Не спит ночей, выносит бурю, холод[512],
получает возможность развиваться; хороший достаток, досуг, позволяющий переложить даже заботы о доме, детях на плечи служанок, формирующаяся в ее среде культурная норма, наконец, просто мода на образованность рождают потребность в духовной пище. Отвечая вызовам времени, она обращается к книгам, и это, в свою очередь, сокращает дистанцию, которая складывалась между полами.

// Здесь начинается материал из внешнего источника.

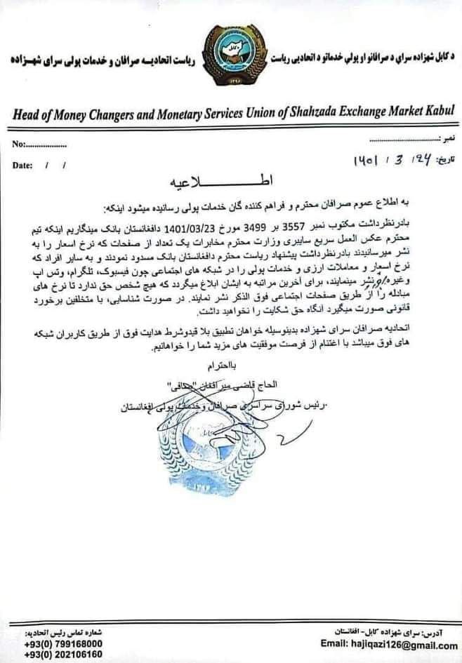 طالبان در اطلاعیه اعلام نرخ ارز را ممنوع کرد. هیچ شخصی حق ندارد تا نرخ های مبادله ای را از طریق شبکه های اجتماعی نشر نماید.

Уместно отметить еще одно немаловажное обстоятельство, о котором позднее заговорит упомянутый выше Ч. П. Сноу. С развитием производительных сил общества культурные запросы мужчины по преимуществу сдвигаются в сферу «другой», техногенной, культуры и прикладного, утилитарного знания. В свою очередь, женщина, принадлежащая не только высшему обществу, но и в средних слоях, становится активным потребителем гуманитарных ценностей. Так, уже дамы «Кентерберийских рассказов» свободно цитируют античных философов и проявляют похвальную широту мысли. Конечно, можно предположить, что многое в их уста вкладывает сам Чосер, однако приводившийся выше пример его младшей современницы Кристины Пизанской показывает, что чрезмерного преувеличения здесь нет. Между тем вплоть до XIX века только гуманитарная образованность будет относиться к культуре «первого сорта»; все прикладное ранжируется по более низкому разряду и не идет в сравнение с ценностями классического образования. Можно по-разному относиться к этому обстоятельству, но здесь тоже культурная норма, которая не может быть игнорирована никем. «Ошибаешься, – горячо возразил Мартин. – Все люди и все слои общества или, вернее, почти все люди и слои общества подражают тем, кто стоит выше. Ну, а кто в обществе стоит выше всех? Бездельники, богатые бездельники. Как правило, они не знают того, что знают люди, занятые каким либо делом. Слушать разговоры о деле бездельникам скучно, вот они и определили, что это узкопрофессиональные разговоры и вести их в обществе, не годится. Они же определили, какие темы не узкопрофессиональные и о чем, стало быть, годится беседовать: это новейшие оперы, новейшие романы, карты, бильярд, коктейли, автомобили, скачки, ловля форелей или голубого тунца, охота на крупного зверя, парусный спорт и прочее в том же роде, – и заметь, все это бездельники хорошо знают. По сути, это – узкопрофессиональные разговоры бездельников. И самое смешное, что многие умные люди или те, кто слывет умными людьми, позволяют бездельникам навязывать им свои дурацкие правила»[513]. Уже хотя бы для того, чтобы не задеть женщину, простим Мартину Идену «бездельников», и отметим, что эта культурная норма, в свою очередь, способствует ее возвышению.